The problem with that approach: those forms of sharding are largely
just ideas and mathematical models, whereas Danksharding is a complete
and almost-ready-for-implementation spec.
Hence, given Ethereum's circumstances and constraints, the
simplification and de-ambitionization of sharding was, in my opinion,
absolutely the right move. That said, the more ambitious research also
has a very important role to play: it identifies promising research
directions, even the very complex ideas often have "reasonably simple"
versions of those ideas that still provide a lot of benefits, and
there's a good chance that it will significantly influence Ethereum's
protocol development (or even layer-2 protocols) over the years to
come.
More or less features in the
EVM?
Realistically, the specification of the EVM was basically, with the
exception of security auditing, viable for launch by mid-2014. However,
over the next few months we continued actively exploring new features
that we felt might be really important for a decentralized application
blockchain. Some did not go in, others did.
- We considered adding
a
POST
opcode, but decided against it. The
POST
opcode would have made an asynchronous call,
that would get executed after the rest of the transaction finishes.
- We considered adding an
ALARM
opcode, but decided against it.
ALARM
would have functioned like POST
, except
executing the asynchronous call in some future block, allowing contracts
to schedule operations.
- We added logs,
which allow contracts to output records that do not touch the state, but
could be interpreted by dapp interfaces and wallets. Notably, we also
considered making ETH transfers emit a log, but decided against
it - the rationale being that "people will soon switch to smart
contract wallets anyway".
- We considered expanding SSTORE to support byte
arrays, but decided against it, because of concerns about
complexity and safety.
- We added precompiles,
contracts which execute specialized cryptographic operations with native
implementations at a much cheaper gas cost than can be done in the
EVM.
- In the months right after launch, state rent was considered again and again, but was
never included. It was just too complicated. Today, there are
much better state
expiry schemes being actively explored, though stateless
verification and proposer/builder
separation mean that it is now a much lower priority.
Looking at this today, most of the decisions to not add more
features have proven to be very good decisions. There was no obvious
reason to add a POST
opcode. An ALARM
opcode
is actually very difficult to implement safely: what happens if everyone
in blocks 1...99999 sets an ALARM
to execute a lot of code at
block 100000? Will that block take hours to process? Will some scheduled
operations get pushed back to later blocks? But if that happens, then
what guarantees is ALARM
even preserving?
SSTORE
for byte arrays is difficult to do safely, and would
have greatly expanded worst-case witness sizes.

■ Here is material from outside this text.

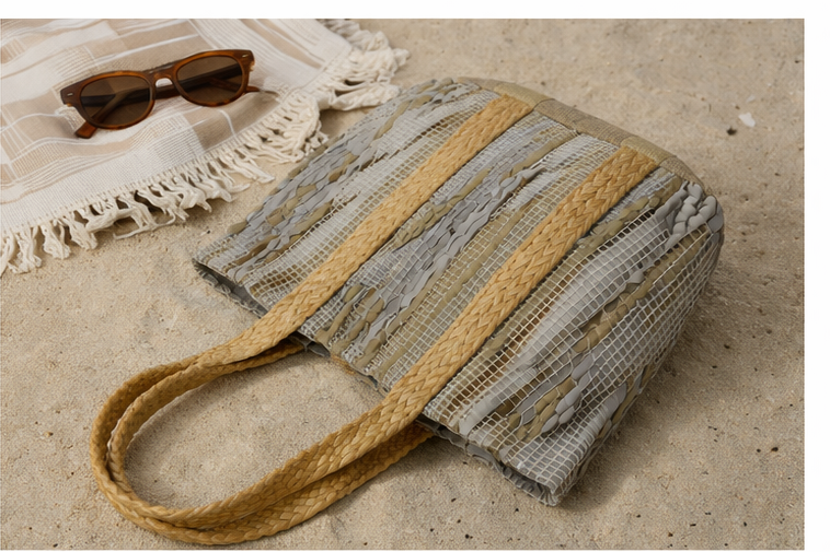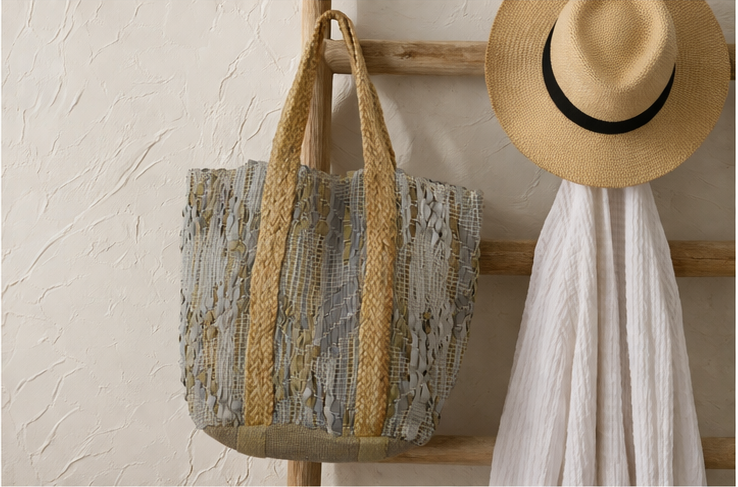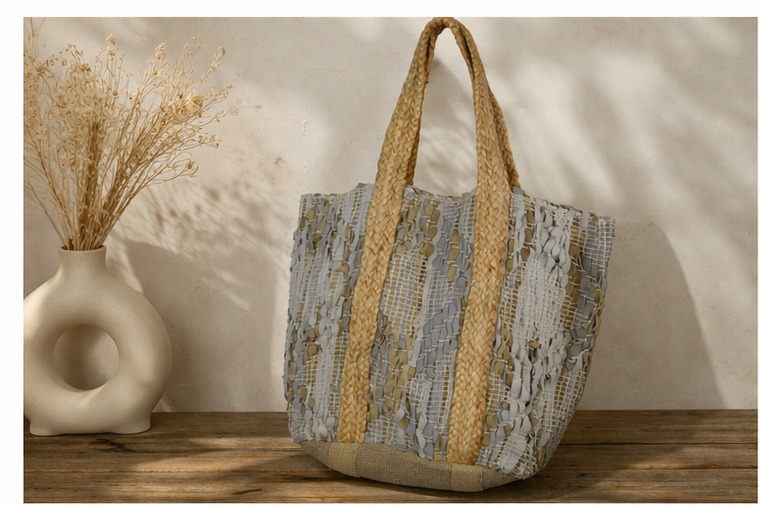 Αναβάθμισε το καλοκαιρινό σου look με αυτή την εντυπωσιακή υφασμάτινη πλεκτή τσάντα ώμου σε αποχρώσεις λευκού, γκρι και μπλε. Με μοναδικό γεωμετρικό boho σχέδιο, χειροποίητη υφή και φαρδιές πλεξούδες-λαβές, αποτελεί την ιδανική επιλογή για τη θάλασσα, τις βόλτες ή τις καθημερινές σου ανάγκες.https://bagshats.gr/

The state rent issue is more challenging: had we actually implemented
some kind of state rent from day 1, we would not have had a smart
contract ecosystem evolve around a normalized assumption of persistent
state. Ethereum would have been harder to build for, but it could have
been more scalable and sustainable. At the same time, the state expiry
schemes we had back then really were much worse than what we
have now. Sometimes, good ideas just take years to arrive at and
there is no better way around that.
Alternative paths for
LOG
LOG
could have been done differently in two different
ways:
- We could have made ETH transfers auto-issue a
LOG
. This would have saved a lot of
effort and software bug issues for exchanges and many other users, and
would have accelerated everyone relying on logs that would have
ironically helped smart contract wallet adoption.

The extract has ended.